2. Description of the State of the Art
A number of chronic and acute inflammatory conditions have been associated with the overproduction of pro-inflammatory cytokines. Such cytokines include but are not limited to tumor necrosis factor alpha (TNF-α), interleukin 1 beta (IL-1β), interleukin 8 (IL-8) and interleukin 6 (IL-6). Rheumatoid arthritis (RA) is a chronic disease where TNF-α and IL-1β are implicated in the onset of the diseases and in the progression of the bone and joint destruction seen with this debilitating condition. Recently approved therapeutic treatments for RA have included soluble TNF-α receptor (ENBREL™) and IL-1 receptor antagonist (ANAKINRA™). These treatments work by blocking the ability of their respective cytokines to bind to their natural receptors. Alternative methods for treating cytokine-mediated diseases are currently under investigation. One such method involves inhibition of the signaling pathway that regulates the synthesis and production of pro-inflammatory cytokines such as p38.

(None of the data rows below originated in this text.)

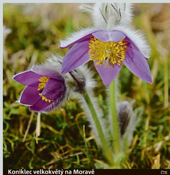
Koniklec velkokvětý na Moravě

V jedné lokalitě na Olomoucku opět rozkvetly chráněné koniklice velkokvěté. Například na Ústecku chrání koniklec luční, další ohroženou rostlinu, speciální klece z pletí-
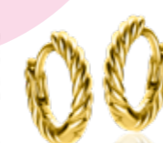
ZIO 2545G 13 x 2mm 39.95
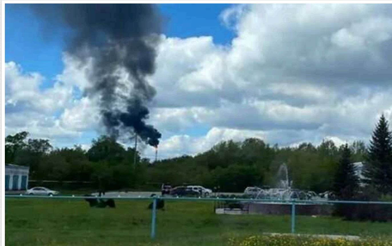
Удар по НПЗ у Башкирії влаштувала СБУ: дрон подолав 1500 км

Атаку по нафтопереробному заводу у Башкирії організувала СБУ. Перш ніж завдати удару, дрон пролетів рекордні 1500 км.
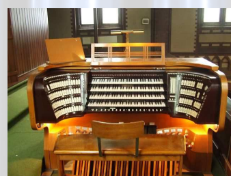
Hollenbach 1893, Jörgensen 1943, Schuke 2010 (neuer Prospekt)
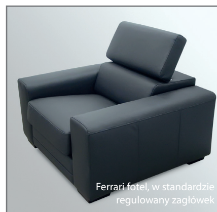
Ferrari fotel, w standardzie regulowany zagłówek
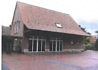
.....in der Evers'schen Mühle in Schale
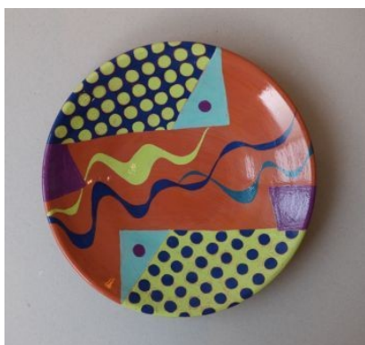
Ospa andaluzyjska, 2009

Dwanaście talerzy ceramicznych stworzonych w czasie pobytu w Toskanii zostało zaprezentowanych na wystawie poplenerowej „Pejzaż Południa” w krakowskiej galerii ZPAP Pryzmat (2005). Z kolei w andaluzyjskim miasteczku Gaucín powstały oprócz talerzy (pogrupowanych w cykle „Ryby i fale”, „Ryby geometryczne”, „Wypukłe wklęsłe”), także wazony czy rzeźby ( Anioł Andaluzyjski ). Mogli je obejrzeć zwiedzający wystawę „Andaluzja 1280°C” w Galerii aTAK w Warszawie (2010).
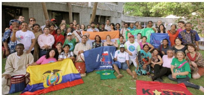
Foto de grupo en Pune 2012.

Al explorar las amenazas a sus medios de sustento, los recicladores encontraron mucho en común, y determinaron que las mayores amenazas en todos los continentes eran la privatización del acceso a los residuos (y el cambio de los sistemas de eliminación final de los residuos hacia la incineración y hacia los programas para convertir desechos en energía) y la corrupción gubernamental. También se identificaron como retos la necesidad de depender de intermediarios en lugar de vender
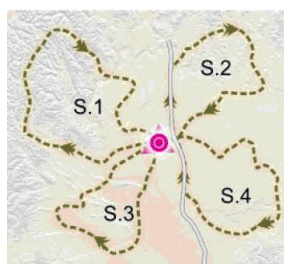
TRAZADO EN ESTRELLA
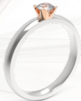
Brize / B213 - 0,25ct
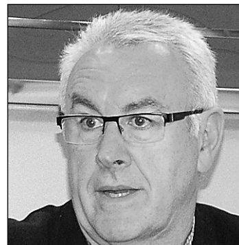
C. Lara. E. P.

“La crisis económica lo ha eclipsado casi todo y pudiera suceder, aseguran en el Gobierno, que los indicadores que anticipan la recuperación hagan sombra también al resto de los graves problemas que tiene España”
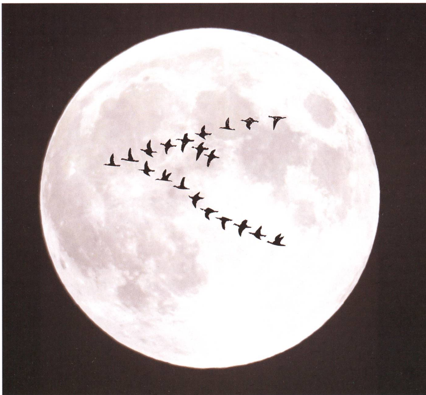
Wildgänse passieren die Mondscheibe im Formationsflug (Fotomontage).

Wenn die Tage wieder kürzer werden und die Sommertage gezählt sind, versammeln sie sich wieder auf Telefondrähten und Bäumen. Die Zugvögel bereiten sich auf ihre Reise in den Süden vor. Doch wie finden die Tiere überhaupt den Weg? Ist es eine Mär, dass sie sich nach Sonne, Mond und den Sternen orientieren?
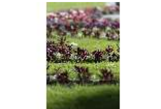
Lin.V, Östliches Parterre, Blumenrabatten, DI016703, BSV-
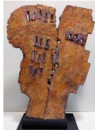
« Entre raison et imaginaire »

La terre est un univers que j'ai découvert dans un désir de respiration. Ce voyage méditatif au cœur des mystères des argiles et des chamottes m'a conduit progressivement vers un espace minéral onirique propice à la quête d'une expression symbolique.
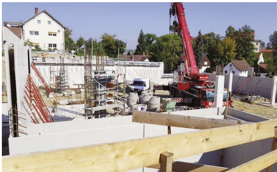
Rege Bautätigkeit am Kirchplatz in Teisbach – seit Mitte Juli laufen unter Hochdruck die Rohbauarbeiten

Seit Mitte Juli laufen unter Hochdruck die Rohbauarbeiten. Fundamente, Stützen, Außenwände und Unterzüge sind weitgehend fertiggestellt. Derzeit ist die Baufirma mit der Herstellung der Deckenplatte beschäftigt. Ab Mitte November stehen die Rohbauarbeiten für die darüber befindliche Kindertagesstätte an. Diese sollen mit den Abdichtungsarbeiten weitgehend 2018 abgeschlossen werden, damit im neuen Jahr bereits mit den Installationsarbeiten begonnen werden kann. Bis Ende 2019 werden beim Gebäudekomplex Tiefgarage und Kindertagesstätte alle Fassaden- und
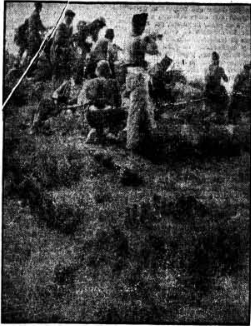
Parte de la columna Maroto, frente al enemigo.

(Información para SOLIDARIDAD OBRERA, por Morales Guzmán)
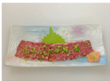
赤身馬刺 1,680 円 (赤身がお好きな方に)
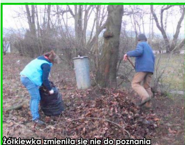
Żółkiewka zmieniła się nie do poznania
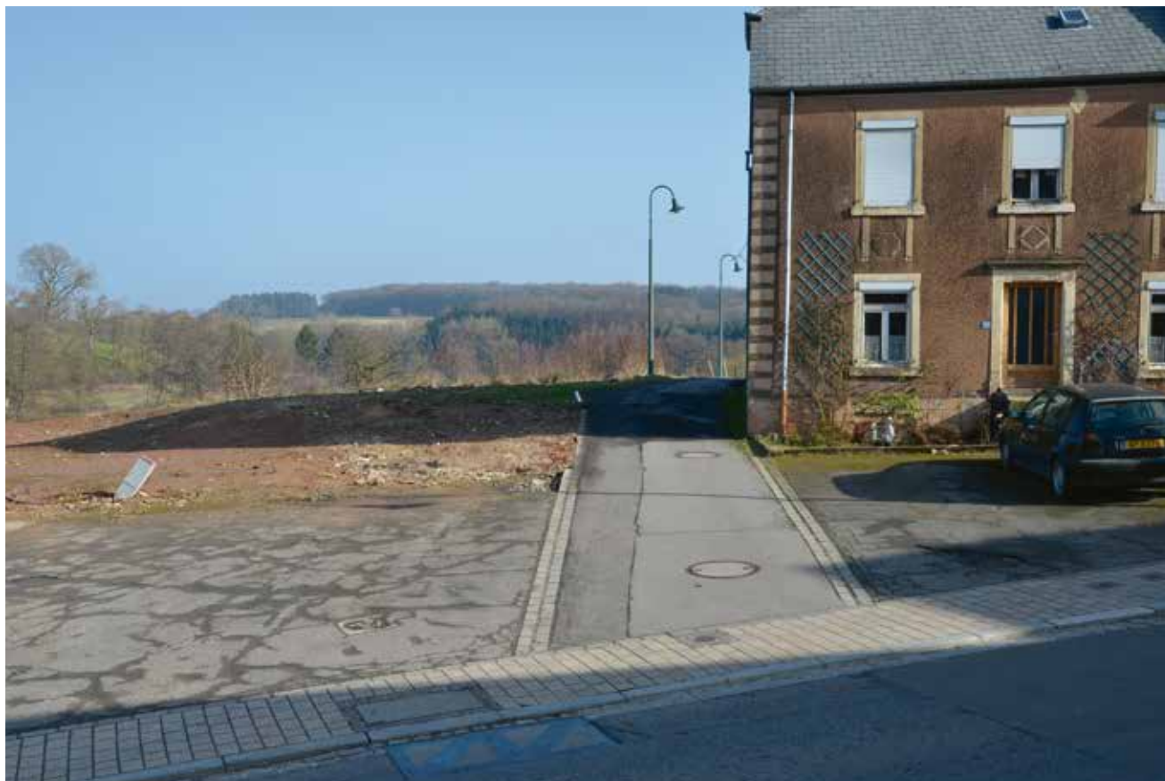
Der Gemeindeweg „an der Uecht“ in Boewingen/Attert wird verbreitert und mit einer komplett neuen Infrastruktur ausgestattet.

Schöffe Mathekowitsch berichtete über ein positives Austauschgespräch mit der Gemeinde Bissen zur Anlage über die frühere Eisenbahnlinie eines Fahrradweges von Boewingen/A. nach Bissen. Man warte jetzt noch auf die Stellungnahme des Umweltministeriums, bevor man über den Ankauf des benötigten Geländes mit den Eigentümern in Verhandlung trete.
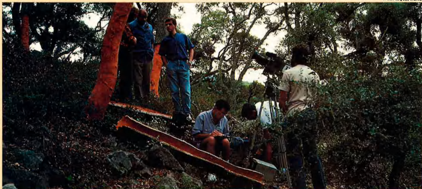
Les sureres s'han convertit en la base d'un florent negoci.

Castanyes i difunts. A la tardor, les castanyedes esclaten, les castanyes cauen de l'arbre i la festa de difunts porta aquest fruit a taula. A primers de novembre, un cop acabades les collites, l'Europa rural honorava els morts. Mentre duraven les feines agrícoles els vius treballaven al camp, i els morts restaven aïllats als espais no conreats. Era la tardor que portava el retrobament. És en terra celta, a Galícia, fora de l'àrea mediterrània, on trobem el simbolisme que uneix morts i castanyes. El dia 1 de novembre a la tarda, els joves anaven als espais sense conreu, torraven castanyes, menjaven i bevien fins que no podien més.
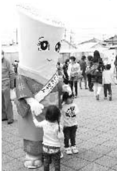
▲4/23吉見うまいもんフェア2016

春はイベント盛りだくさんでした！ 4月～5月は比企地区や寄居町など各地で東秩父村の観光案内をしてきました。
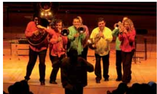
Els colors del metall

La propera actuació de la programació estable serà el 26 d'abril i també estarà especialment adreçada als infants amb el teatre “La bella i la bèstia” de la companyia Veus Veus.
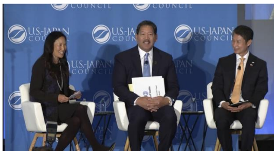
シアトル市長との対談

日米政財界のトップ層や現地企業など、総会参加者約 600 名に対して、G7 広島サミットの成果として、平和のメッセージの発信、広島の認知度の向上、若い世代の参加という 3 つの目的を達成したことを PR するとともに、シアトル市長との対談を通じて、地域から行う外交の重要性について認識を共有した。
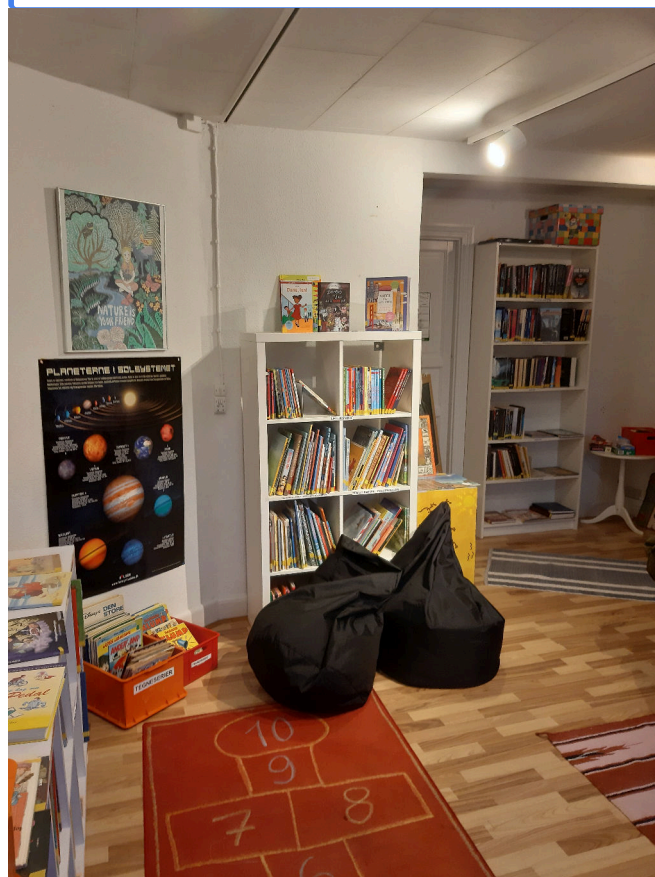
Figur 7: Børnebiblioteket.

Efter skolens bibliotek blev nedlagt, og bøgerne blev reddet fra en container i Holbæk, betød en anonym donation i sommeren 2023, at biblioteksgruppen med tidligere skoleleder Mai-Britt Just gik i gang med at skabe et børnebibliotek i forsamlingshuset. Donationer fra forfattere og borgere har siden skabt grundlag for et hyggeligt rum med børnebøger, som også skolen besøger. Biblioteksgruppen ansøger løbende fonde for at supplere både børne- og voksenbiblioteket.
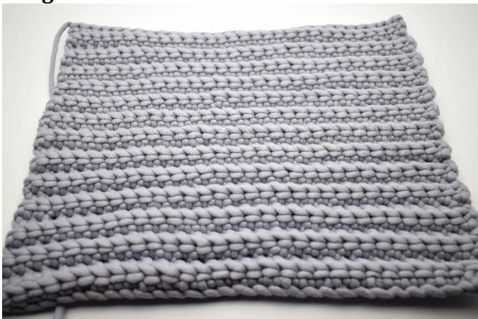
1. Répéter le rang 2 au total 25 fois. Couper le fil et le cacher. Crocheter une deuxième pièce de la même façon.
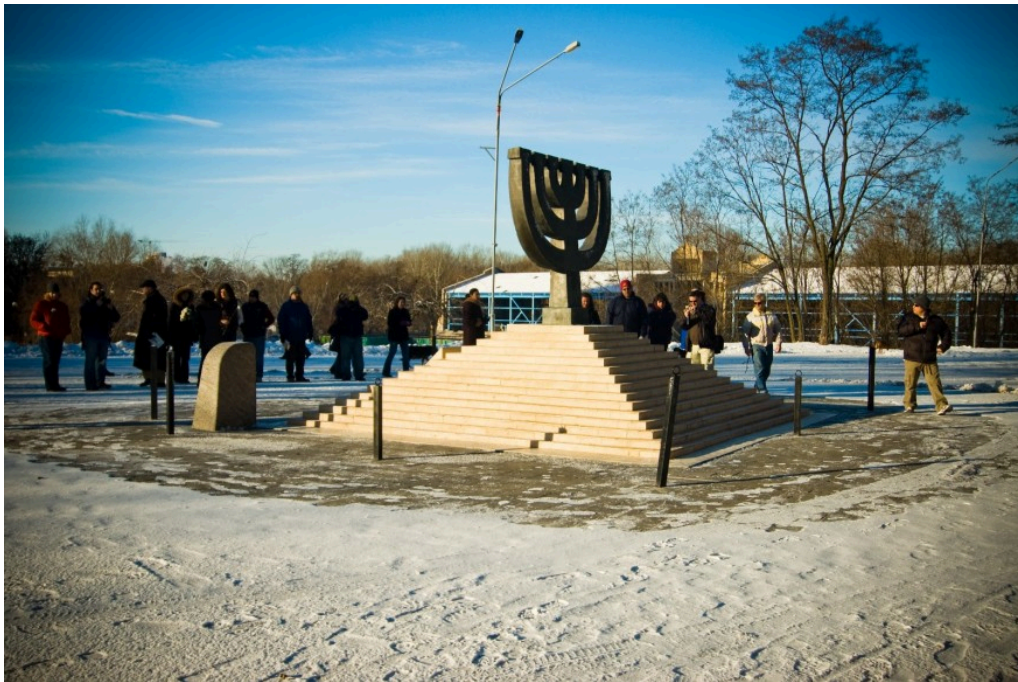
Menora sur le site de Babi Yar symbolisant l'identité juive de la majorité des victimes. Photographie de 2008 de Sarah McGee.

une Menora de bronze est inaugurée [10] , inscrivant dans le paysage mémoriel de Babi Yar que c'est en tant que Juifs que des vieillards, des femmes, des hommes, des enfants ont été assassinés. L'histoire aurait pu s'arrêter là, mais elle continue depuis trente ans, car c'est aujourd'hui un centre mémoriel et un musée qu'il s'agit de bâtir pour donner une narration à un lieu qui manque de lisibilité. Mais quelle narration proposer pour un lieu à plusieurs facettes ?
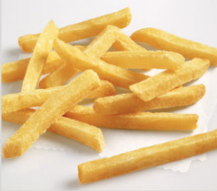
3/8 Corte Regular (X13) También disponible: 5/16 Corte Regular Delgado (X12)
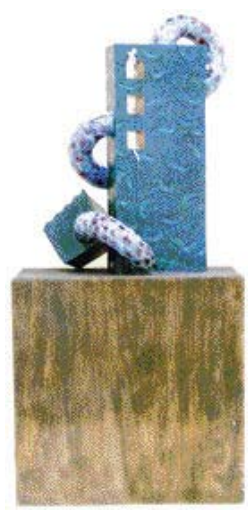
▲공예=오상문 작 '달콤 쌉싸래한 여행'
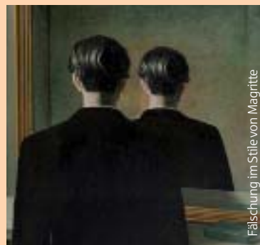
Fälschung im Stile von Magritte
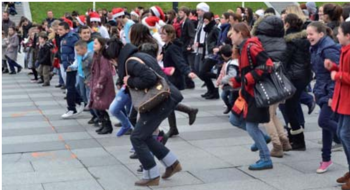
Flash Mob Place de la Liberté à Brest

Notre classe de BTS doit mener plusieurs actions de communication ainsi que des actions commerciales sur le territoire. Celles-ci peuvent être en lien avec des associations humanitaires comme France Alzheimer, une collecte de sang avec l'Établissement français du sang (EFS), la récolte de produits alimentaires pour le Secours populaire, un loto pour Leucémie espoir. Mais également dans l'animation comme l'organisation d'un flash-mob à Brest, un concours photos ou encore l'or-
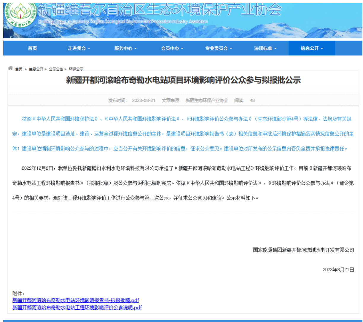
图 6.1-1 本项目第三次网络公示截图

国家能源集团新疆开都河流域水电开发有限公司在自治区生态环境保护产业协会官网开展网络公示，载体符合《环境影响评价公众参与办法》要求。公示的连接为： http://www.xjhbcy.cn/blog/article/11911 ，网络公示截图见图6.1-1
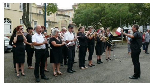
L'ensemble orchestral d'Auch a assuré la partie musicale de la cérémonie.
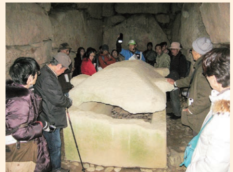
バスツアーの様子

近年、3次元計測やレーザー測定の成果はめざましく、造山・作山古墳についても、畿内の大形前方後円墳との墳丘の比較研究をより高い精度で行うことが可能となっています。発表では、前方後円墳の墳丘を構成する重要な要素である「造出し」 つくりだ について、位置や墳丘下段テラスとの高さの比などに注目し、その時期的変遷と造山・作山古墳の位置づけを明らかにしました。また、造山古墳と古市古墳群の ふるいち 菅田御廟山古墳の墳形を比べると、くびれ部の両側に「造出し」を備えることや前方部頂における方形壇の存在などが共通します。造山・作山古墳とも、古市古墳群の墳丘型式変化の流れの中にあり、両者の政治的な結びつきを意味していると考えられます。（弘田和司）
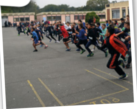
Cross du collège, le 15 octobre
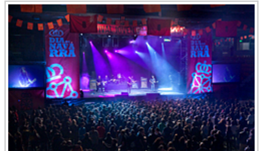
Nafarroaren Egunaren Gazte Jaialdian bertaratutako ikusleak.

Aldiz, Burlatako kultur etxean abenduaren 3an egindako Nazioen Jaialdian Nafarroan dauden beste herrialde batzuetako hamar elkartetako 120 artistak esku hartu zuten, eta 450 pertsona bildu ziren bertan.
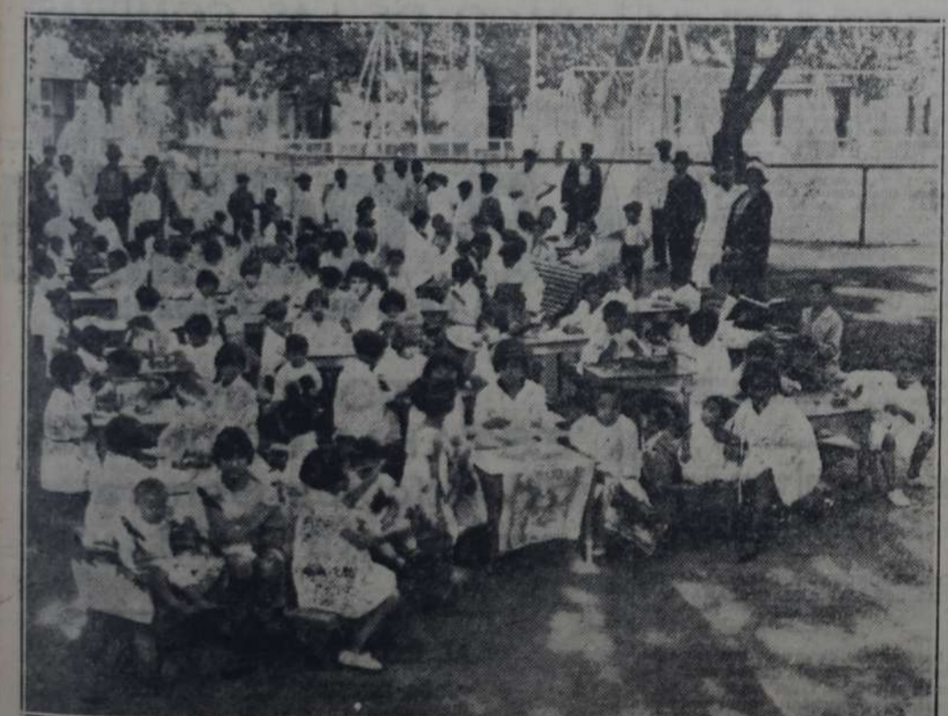
Los pequeños concurrentes al "Recreo Infantil Florentino Ameghino", bajo los árboles de la plaza Herrera.

El transeúnte que desde las 15 a las 18 horas pase por la calle Australia, frente a la plaza Herrera, será atraído por un espectáculo interesante y sugestivo a la vez.

P38 (also known as CSBP or RK) is a serine/threonine mitogen-activated protein kinase (MAPK) that has been shown to regulate pro-inflammatory cytokines. P38 MAPK was first identified as a kinase that becomes tyrosine phosphorylated in mouse monocytes following treatment with lipopolysaccharide (LPS). A link between p38 MAPK and the response of cells to cytokines was first established by Saklatvala et al., (Cell, 1994, 78:1039-1049), who showed that IL-1 activates a protein kinase cascade that results in the phosphorylation of the small heat shock protein, Hsp27, probably by mitogen-activated protein activated protein kinase 2 (MAPKAP kinase-2). Analysis of peptide sequences derived from the purified kinase indicated that it was related to the p38 MAPK activated by LPS in mouse monocytes (Han, J., et al., Science, 1994, 265:808-811). At the same time it was shown that p38 MAPK was itself activated by an upstream kinase in response to a variety of cellular stresses, including exposure to UV radiation and osmotic shock, and the identity of the kinase that directly phosphorylates Hsp27 was confirmed as MAPKAP kinase-2 (Rouse, J., et al., Cell, 1994, 78:1027-1037). Subsequently, it was shown that p38 MAPK was the molecular target of a series of pyridinylimidazole compounds that inhibited the production of TNF from LPS-challenged human monocytes (Lee, J. et al., Nature, 372:739-746). This was a key discovery and has led to the development of a number of selective inhibitors of p38 MAPK and the elucidation of its role in cytokine signaling.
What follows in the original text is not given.